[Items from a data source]
════════════════

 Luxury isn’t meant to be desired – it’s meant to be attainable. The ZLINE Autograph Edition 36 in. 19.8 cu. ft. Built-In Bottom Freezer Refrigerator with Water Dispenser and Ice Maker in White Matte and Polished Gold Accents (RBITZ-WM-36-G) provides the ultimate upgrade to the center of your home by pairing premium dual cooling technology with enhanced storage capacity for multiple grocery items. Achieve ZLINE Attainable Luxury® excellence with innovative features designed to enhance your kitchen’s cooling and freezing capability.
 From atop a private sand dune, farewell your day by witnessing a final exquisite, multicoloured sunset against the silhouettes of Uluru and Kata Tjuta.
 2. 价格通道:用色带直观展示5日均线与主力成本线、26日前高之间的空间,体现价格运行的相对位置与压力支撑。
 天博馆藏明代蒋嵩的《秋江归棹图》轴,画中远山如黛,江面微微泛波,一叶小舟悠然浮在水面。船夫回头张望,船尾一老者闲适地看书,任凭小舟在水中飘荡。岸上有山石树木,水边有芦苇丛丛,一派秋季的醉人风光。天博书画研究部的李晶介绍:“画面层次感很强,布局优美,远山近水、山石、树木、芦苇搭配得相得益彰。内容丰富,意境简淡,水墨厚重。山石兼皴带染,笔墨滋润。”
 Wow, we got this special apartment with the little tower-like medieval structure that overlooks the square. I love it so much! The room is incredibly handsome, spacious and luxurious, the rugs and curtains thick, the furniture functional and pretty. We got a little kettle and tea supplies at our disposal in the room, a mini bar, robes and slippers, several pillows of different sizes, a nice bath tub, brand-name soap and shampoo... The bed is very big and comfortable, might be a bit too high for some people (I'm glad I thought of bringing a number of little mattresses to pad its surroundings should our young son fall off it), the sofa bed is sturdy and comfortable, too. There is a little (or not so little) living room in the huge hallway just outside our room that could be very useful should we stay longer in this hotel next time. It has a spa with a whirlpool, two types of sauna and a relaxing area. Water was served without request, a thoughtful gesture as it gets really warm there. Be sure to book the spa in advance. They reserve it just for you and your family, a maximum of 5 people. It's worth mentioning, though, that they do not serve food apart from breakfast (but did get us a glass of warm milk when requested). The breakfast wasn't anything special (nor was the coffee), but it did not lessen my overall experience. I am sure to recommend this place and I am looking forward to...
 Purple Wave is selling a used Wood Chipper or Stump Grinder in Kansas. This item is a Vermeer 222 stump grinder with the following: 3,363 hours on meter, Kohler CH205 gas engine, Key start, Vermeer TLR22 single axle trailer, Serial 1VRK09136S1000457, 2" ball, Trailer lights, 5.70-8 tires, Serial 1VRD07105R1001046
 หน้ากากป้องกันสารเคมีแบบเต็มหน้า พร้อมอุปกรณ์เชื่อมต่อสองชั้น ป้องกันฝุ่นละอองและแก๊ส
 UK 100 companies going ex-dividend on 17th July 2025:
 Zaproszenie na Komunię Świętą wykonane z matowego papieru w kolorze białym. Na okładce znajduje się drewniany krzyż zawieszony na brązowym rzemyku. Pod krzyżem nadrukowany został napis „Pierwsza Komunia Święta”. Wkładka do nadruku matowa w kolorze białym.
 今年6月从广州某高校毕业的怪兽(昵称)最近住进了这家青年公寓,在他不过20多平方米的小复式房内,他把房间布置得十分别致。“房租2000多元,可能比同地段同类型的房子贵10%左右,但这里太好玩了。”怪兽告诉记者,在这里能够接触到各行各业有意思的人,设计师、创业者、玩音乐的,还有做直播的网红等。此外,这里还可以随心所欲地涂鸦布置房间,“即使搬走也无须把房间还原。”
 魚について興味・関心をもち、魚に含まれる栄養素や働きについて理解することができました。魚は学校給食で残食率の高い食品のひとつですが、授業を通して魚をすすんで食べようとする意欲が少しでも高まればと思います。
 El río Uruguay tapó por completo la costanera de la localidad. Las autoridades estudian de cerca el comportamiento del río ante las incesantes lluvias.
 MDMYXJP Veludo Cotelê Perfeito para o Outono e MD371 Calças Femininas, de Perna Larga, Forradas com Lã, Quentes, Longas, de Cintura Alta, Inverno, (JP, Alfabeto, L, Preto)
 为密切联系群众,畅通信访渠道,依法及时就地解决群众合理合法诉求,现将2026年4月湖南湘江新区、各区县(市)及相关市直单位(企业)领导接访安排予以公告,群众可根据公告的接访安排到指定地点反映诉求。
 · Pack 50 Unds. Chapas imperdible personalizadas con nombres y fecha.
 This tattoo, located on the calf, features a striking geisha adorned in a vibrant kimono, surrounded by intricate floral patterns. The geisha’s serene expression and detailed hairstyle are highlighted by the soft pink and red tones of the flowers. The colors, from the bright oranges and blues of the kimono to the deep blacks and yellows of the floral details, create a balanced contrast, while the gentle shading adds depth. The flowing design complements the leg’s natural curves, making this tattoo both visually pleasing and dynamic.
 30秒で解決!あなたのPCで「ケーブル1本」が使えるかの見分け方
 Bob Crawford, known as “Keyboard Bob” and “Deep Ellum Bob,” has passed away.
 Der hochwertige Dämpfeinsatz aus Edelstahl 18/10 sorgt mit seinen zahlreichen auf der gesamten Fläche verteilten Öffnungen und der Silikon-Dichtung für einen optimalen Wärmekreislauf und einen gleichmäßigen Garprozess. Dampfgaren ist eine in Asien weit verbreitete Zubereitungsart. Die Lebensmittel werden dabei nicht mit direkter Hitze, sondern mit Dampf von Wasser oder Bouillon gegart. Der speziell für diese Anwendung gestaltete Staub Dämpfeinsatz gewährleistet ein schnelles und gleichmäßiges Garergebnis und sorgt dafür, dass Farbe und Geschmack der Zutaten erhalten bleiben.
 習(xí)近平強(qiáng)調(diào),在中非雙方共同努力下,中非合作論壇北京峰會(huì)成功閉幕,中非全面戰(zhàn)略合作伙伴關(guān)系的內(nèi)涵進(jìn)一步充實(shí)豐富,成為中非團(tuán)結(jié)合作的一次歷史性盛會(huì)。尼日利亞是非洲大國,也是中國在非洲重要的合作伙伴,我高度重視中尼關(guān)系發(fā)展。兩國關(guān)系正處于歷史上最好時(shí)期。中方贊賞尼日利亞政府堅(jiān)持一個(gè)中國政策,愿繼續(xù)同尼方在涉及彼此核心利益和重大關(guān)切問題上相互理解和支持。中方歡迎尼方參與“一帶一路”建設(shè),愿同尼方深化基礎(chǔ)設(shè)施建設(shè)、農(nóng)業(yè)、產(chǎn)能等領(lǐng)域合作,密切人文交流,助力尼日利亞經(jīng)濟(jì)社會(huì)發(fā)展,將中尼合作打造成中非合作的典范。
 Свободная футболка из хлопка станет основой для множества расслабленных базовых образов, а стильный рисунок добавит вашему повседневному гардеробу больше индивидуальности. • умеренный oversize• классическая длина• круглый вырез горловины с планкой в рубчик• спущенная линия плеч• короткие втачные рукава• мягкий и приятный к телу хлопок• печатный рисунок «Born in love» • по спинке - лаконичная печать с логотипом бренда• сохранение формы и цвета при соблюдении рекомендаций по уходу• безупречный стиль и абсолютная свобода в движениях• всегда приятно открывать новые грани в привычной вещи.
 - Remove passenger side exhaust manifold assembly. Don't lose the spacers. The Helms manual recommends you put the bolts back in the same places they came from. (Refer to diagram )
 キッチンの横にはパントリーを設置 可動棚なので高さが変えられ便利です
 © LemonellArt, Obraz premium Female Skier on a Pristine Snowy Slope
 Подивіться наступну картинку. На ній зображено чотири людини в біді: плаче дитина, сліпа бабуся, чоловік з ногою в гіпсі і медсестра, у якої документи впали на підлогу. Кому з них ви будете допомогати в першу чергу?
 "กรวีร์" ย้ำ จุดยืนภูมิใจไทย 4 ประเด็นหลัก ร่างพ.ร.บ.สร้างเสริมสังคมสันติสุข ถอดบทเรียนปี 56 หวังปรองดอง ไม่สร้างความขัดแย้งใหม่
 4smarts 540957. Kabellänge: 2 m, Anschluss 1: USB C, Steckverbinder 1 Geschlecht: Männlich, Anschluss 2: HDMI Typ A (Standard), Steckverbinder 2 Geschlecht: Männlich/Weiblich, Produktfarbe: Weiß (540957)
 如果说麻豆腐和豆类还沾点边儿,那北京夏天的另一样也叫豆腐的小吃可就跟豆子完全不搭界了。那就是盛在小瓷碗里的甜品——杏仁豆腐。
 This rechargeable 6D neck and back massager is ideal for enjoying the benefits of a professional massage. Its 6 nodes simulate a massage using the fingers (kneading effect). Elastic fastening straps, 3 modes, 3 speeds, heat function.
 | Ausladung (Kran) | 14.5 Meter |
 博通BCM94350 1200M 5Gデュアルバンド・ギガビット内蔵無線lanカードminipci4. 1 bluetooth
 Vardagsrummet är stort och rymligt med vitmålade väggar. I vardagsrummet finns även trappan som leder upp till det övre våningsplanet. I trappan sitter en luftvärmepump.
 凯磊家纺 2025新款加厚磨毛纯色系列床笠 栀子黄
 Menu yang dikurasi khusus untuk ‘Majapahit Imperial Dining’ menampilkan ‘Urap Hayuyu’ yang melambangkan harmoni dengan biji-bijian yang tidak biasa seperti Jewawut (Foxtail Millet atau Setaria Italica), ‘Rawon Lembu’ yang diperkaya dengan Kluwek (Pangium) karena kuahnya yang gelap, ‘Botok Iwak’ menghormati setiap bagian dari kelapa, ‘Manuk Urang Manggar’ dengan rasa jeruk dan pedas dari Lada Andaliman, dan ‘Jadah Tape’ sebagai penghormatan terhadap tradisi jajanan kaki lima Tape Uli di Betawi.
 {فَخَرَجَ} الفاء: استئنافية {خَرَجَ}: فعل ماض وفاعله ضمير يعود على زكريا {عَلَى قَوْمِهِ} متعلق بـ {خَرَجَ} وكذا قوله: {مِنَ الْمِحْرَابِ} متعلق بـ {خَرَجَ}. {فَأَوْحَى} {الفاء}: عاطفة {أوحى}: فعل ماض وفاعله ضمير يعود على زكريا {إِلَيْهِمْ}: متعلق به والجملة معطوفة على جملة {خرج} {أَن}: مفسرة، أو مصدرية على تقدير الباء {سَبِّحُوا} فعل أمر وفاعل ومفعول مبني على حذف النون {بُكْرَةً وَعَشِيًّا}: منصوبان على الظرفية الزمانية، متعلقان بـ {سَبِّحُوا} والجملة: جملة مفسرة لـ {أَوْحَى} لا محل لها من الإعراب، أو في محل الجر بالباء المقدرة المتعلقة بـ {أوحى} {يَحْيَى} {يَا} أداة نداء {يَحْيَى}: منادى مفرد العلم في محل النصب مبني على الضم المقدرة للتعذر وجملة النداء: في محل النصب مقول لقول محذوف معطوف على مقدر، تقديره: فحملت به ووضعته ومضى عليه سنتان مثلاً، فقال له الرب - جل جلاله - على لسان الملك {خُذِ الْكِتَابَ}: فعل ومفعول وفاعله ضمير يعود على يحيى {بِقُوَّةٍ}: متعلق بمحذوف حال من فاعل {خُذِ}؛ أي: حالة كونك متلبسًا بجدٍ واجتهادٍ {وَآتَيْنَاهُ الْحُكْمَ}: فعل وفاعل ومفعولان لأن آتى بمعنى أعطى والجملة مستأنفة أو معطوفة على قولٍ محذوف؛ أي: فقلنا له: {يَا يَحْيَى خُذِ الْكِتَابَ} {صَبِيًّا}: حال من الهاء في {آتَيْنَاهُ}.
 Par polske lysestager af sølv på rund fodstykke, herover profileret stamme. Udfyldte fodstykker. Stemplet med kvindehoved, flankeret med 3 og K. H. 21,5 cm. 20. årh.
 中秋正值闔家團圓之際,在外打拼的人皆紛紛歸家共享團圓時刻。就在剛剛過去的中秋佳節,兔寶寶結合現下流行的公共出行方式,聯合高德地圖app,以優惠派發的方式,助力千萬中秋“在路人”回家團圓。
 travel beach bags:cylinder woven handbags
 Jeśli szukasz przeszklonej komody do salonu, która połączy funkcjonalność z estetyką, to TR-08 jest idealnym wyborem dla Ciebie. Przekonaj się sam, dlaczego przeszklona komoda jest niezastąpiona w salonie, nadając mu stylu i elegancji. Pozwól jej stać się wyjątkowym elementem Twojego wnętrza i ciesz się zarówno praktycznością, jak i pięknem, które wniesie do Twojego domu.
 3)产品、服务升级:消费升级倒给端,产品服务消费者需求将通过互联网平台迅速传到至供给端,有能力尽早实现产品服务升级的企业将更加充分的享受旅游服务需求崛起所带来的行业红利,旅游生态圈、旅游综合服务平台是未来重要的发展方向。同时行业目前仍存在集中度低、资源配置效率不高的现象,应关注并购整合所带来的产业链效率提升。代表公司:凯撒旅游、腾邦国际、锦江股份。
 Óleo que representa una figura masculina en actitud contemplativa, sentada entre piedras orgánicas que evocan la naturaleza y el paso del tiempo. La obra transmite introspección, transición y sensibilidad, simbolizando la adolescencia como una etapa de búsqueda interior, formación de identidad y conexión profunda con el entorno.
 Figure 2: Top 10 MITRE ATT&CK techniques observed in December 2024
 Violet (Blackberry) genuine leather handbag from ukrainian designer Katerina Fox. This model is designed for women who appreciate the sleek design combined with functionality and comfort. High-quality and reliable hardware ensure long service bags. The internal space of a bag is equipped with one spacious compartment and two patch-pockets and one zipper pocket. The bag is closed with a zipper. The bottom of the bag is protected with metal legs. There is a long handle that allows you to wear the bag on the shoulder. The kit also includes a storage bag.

════════════════

● Goal of the exercise
Using the data above, extract exactly the lines from the one that holds "nombres y fecha." to the one that holds "習(xí)近平強(qiáng", both ends included, and no others.

● Answer below
 · Pack 50 Unds. Chapas imperdible personalizadas con nombres y fecha.
 This tattoo, located on the calf, features a striking geisha adorned in a vibrant kimono, surrounded by intricate floral patterns. The geisha’s serene expression and detailed hairstyle are highlighted by the soft pink and red tones of the flowers. The colors, from the bright oranges and blues of the kimono to the deep blacks and yellows of the floral details, create a balanced contrast, while the gentle shading adds depth. The flowing design complements the leg’s natural curves, making this tattoo both visually pleasing and dynamic.
 30秒で解決!あなたのPCで「ケーブル1本」が使えるかの見分け方
 Bob Crawford, known as “Keyboard Bob” and “Deep Ellum Bob,” has passed away.
 Der hochwertige Dämpfeinsatz aus Edelstahl 18/10 sorgt mit seinen zahlreichen auf der gesamten Fläche verteilten Öffnungen und der Silikon-Dichtung für einen optimalen Wärmekreislauf und einen gleichmäßigen Garprozess. Dampfgaren ist eine in Asien weit verbreitete Zubereitungsart. Die Lebensmittel werden dabei nicht mit direkter Hitze, sondern mit Dampf von Wasser oder Bouillon gegart. Der speziell für diese Anwendung gestaltete Staub Dämpfeinsatz gewährleistet ein schnelles und gleichmäßiges Garergebnis und sorgt dafür, dass Farbe und Geschmack der Zutaten erhalten bleiben.
 習(xí)近平強(qiáng)調(diào),在中非雙方共同努力下,中非合作論壇北京峰會(huì)成功閉幕,中非全面戰(zhàn)略合作伙伴關(guān)系的內(nèi)涵進(jìn)一步充實(shí)豐富,成為中非團(tuán)結(jié)合作的一次歷史性盛會(huì)。尼日利亞是非洲大國,也是中國在非洲重要的合作伙伴,我高度重視中尼關(guān)系發(fā)展。兩國關(guān)系正處于歷史上最好時(shí)期。中方贊賞尼日利亞政府堅(jiān)持一個(gè)中國政策,愿繼續(xù)同尼方在涉及彼此核心利益和重大關(guān)切問題上相互理解和支持。中方歡迎尼方參與“一帶一路”建設(shè),愿同尼方深化基礎(chǔ)設(shè)施建設(shè)、農(nóng)業(yè)、產(chǎn)能等領(lǐng)域合作,密切人文交流,助力尼日利亞經(jīng)濟(jì)社會(huì)發(fā)展,將中尼合作打造成中非合作的典范。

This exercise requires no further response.